- What this task involves -
Copy the listing below exactly, but skip the pictures.

- Recorded information -

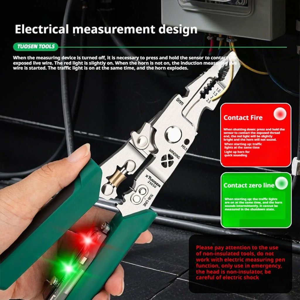 Pince à dénuder multifonction avec testeur de tension – أداة تجريد الأسلاك متعددة الوظائف
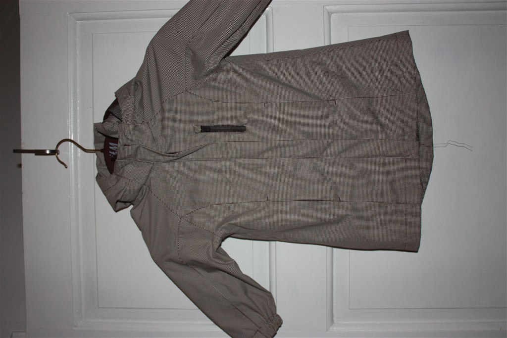 Billede 1+2+3: H&M brun og hvid-ternet regn/forårsjakke i str. 92. Pris 100 kr. >> 50 kr.
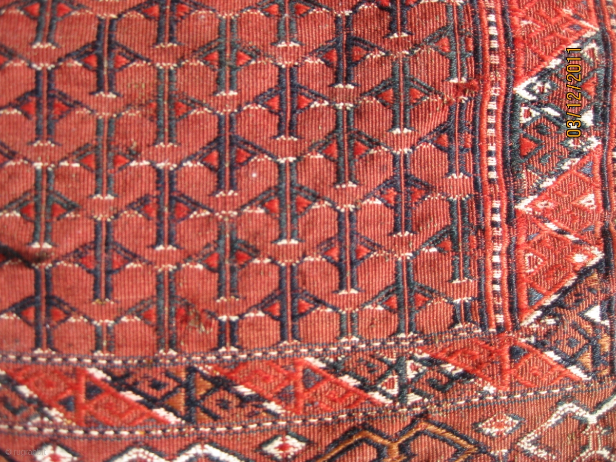 Antique Yomud sumac double bag, ca 1900. Complete with kilim backing. Good condition and with fastening loops intact. 42 x 20 in./107 x 51 cm. All natural dyes. Washed.
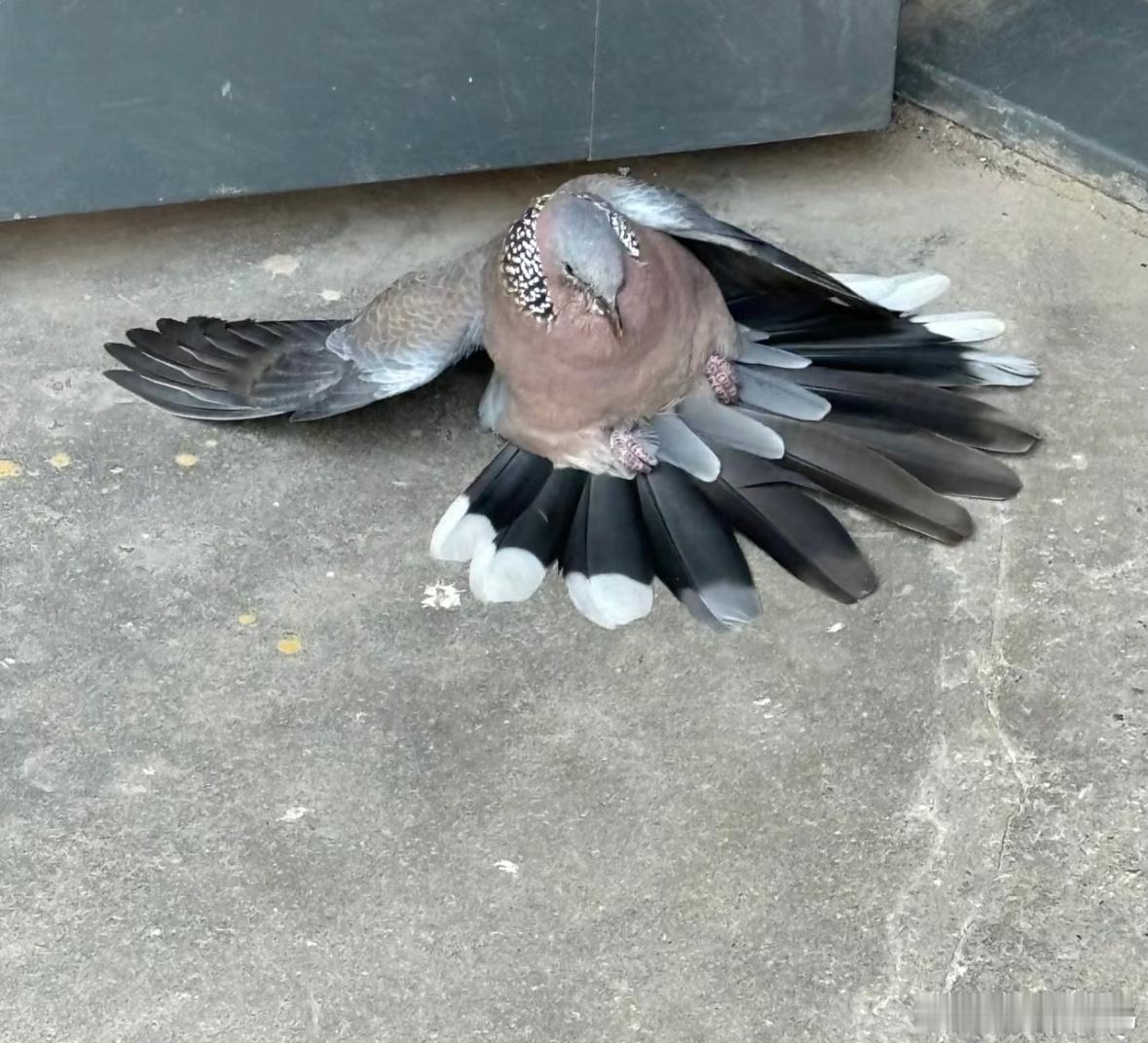 一屁股坐地上的【珠颈斑鸠】裙子还挺好看🙊估计撞玻璃了

- Output of the task -
 Pince à dénuder multifonction avec testeur de tension – أداة تجريد الأسلاك متعددة الوظائف
 Billede 1+2+3: H&M brun og hvid-ternet regn/forårsjakke i str. 92. Pris 100 kr. >> 50 kr.
 Antique Yomud sumac double bag, ca 1900. Complete with kilim backing. Good condition and with fastening loops intact. 42 x 20 in./107 x 51 cm. All natural dyes. Washed.
 一屁股坐地上的【珠颈斑鸠】裙子还挺好看🙊估计撞玻璃了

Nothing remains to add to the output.